In relation to the living, simply this: that in the global world we now inhabit NOBODY NEED DIE ALONE OR SUFFER ALONE. Perhaps for the first time we are in a position to comprehend Paul’s word:

We do not live to ourselves, and we do not die to ourselves. If we live, we live to the Lord, and if we die, we die to the Lord; so then, whether we live or whether we die, we are the Lord’s. For to this end Christ died and rose again, so that he might be the Lord of both the dead and the living. Romans 14:7-9

Paul is referring to the Christ who, in his Passion, whatever his sufferings, cared for and reached out to all around him – as he does to us today. What this says, then, is that the universe is set in the mode (or key) of CARE; care, that is, in the mode of the God who cares passionately for life, this great experiment in freedom of which we are a part; and care, finally, as the invitation to all of us – whether by our actions or by our prayers – to make all the realities we experience – be they natural disasters or the gross injustices of suffering or disease – the occasions where, with renewed intensity and in a perspective of HOPE, we care passionately for each other with all the passion with which God cares for us. For is not this freedom to love the very freedom that God intended for the creation all along?

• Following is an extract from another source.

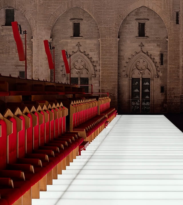 今回のショー会場となったアヴィニョンのパレ・デ・パプは、世界最大級の中世ゴシック様式の宮殿。1309年から1377年までローマ教皇庁が移された場所で、床面積は1万5000平方メートルにおよぶ。現在ではアヴィニョン演劇祭や現代美術の展覧会など、文化イベントの舞台にもなっている。

But having said that, and lest it should sound cheap, we have to remind ourselves what we are talking about:

Walls of water washing people and villages away Huge mudslides burying whole communities Cities reduced to rubble with high loss of life Floods inundating cities and whole landscapes

And much more.


(1) Marilyn McCord Adams, Christ and Horrors. The Coherence of Christology, Cambridge University Press, 2006.